Körperbau und Körperfunktionen

Großkantschile erreichen eine Kopf-Rumpflänge von 42-68(-75) cm, eine Schwanzlänge von 8-10 cm, eine Körperhöhe von 30-35 cm und ein Gewicht von 3.5-4.5 (5-8) kg. Der Großkantschil ist ein typischer Schlüpfer mit spitz zulaufendem Kopf, dünnen Beinen und rundlichem, hinten überbautem Körper. Es ist ein schwarzer Nasenspiegel vorhanden und die anschließenden Nasenbereiche sind ebenfalls unbehaart und schwarz. Die Augen sind groß, die Ohren kurz und die oberen Eckzähne vor allem bei den Männchen hauerartig vergrößert. Beide Geschlechter haben eine Kinndrüse zum Markieren. Die Fellfarbe ist oberseits orangenbraun, auf dem Körper schwarz gesprenkelt; die Unterseite und die Beine sind heller [1; 6].

Verbreitung

Südostasien: Brunei Darussalam, Indonesien (Kalimantan, Sumatra), Malaysia (Halbinsel, Sabah, Sarawak), Myanmar, Singapur, Thailand [4].

Lebensraum und Lebensweise

Der Großkantschil besiedelt Primär. und Sekundärwälder des Tieflands und der Hügelzone, auf Borneo geht es bis auf eine Höhe von 1'000 m. Es wurde festgestellt, dass im Primärwald ein Tier ein Streifgebiet von 7 ha, im Sekundärwald von 19 ha hat. Grosskantschile sind sowohl tagsüber wie nachts aktiv. Meist werden sie einzeln angetroffen. Die Ernährung besteht hauptsächlich aus Früchten und Blüten. Vermutlich werden auch kleine Wirbeltiere getötet und gefressen.
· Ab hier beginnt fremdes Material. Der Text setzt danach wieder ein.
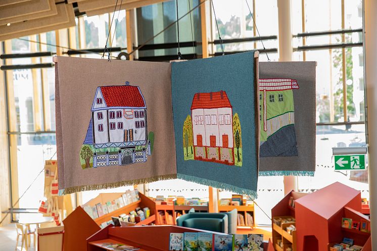 En grupp kvinnor från Kvinnocenter i Bergsjön har broderat de hem de en gång tvingats fly ifrån. Broderierna hänger som en mobil nära bibliotekets barnavdelning i kulturhuset.

Es gibt keine feste Fortpflanzungsperiode. Nach einer Tragzeit von 152-155 Tagen wird ein einzelnes Kitz geboren, seltener zwei. Die Jungen werden 2-3 Monate gesäugt und sind breits mit 4.5 Monaten geschlechtsreif [4; 6].

Gefährdung und Schutz

Der Großkantschil hat eine weite Verbreitung und ist gebietsweise häufig. Auf Pulau Tioman erreicht es eine Dichte von 312 Tieren / 100 ha, auf Borneo im Primärwald bis zu 72 Tieren / 100 ha. Es wurde daher aufgrund einer Beurteilung aus dem Jahr 2014 als nicht-gefährdet eingestuft [4].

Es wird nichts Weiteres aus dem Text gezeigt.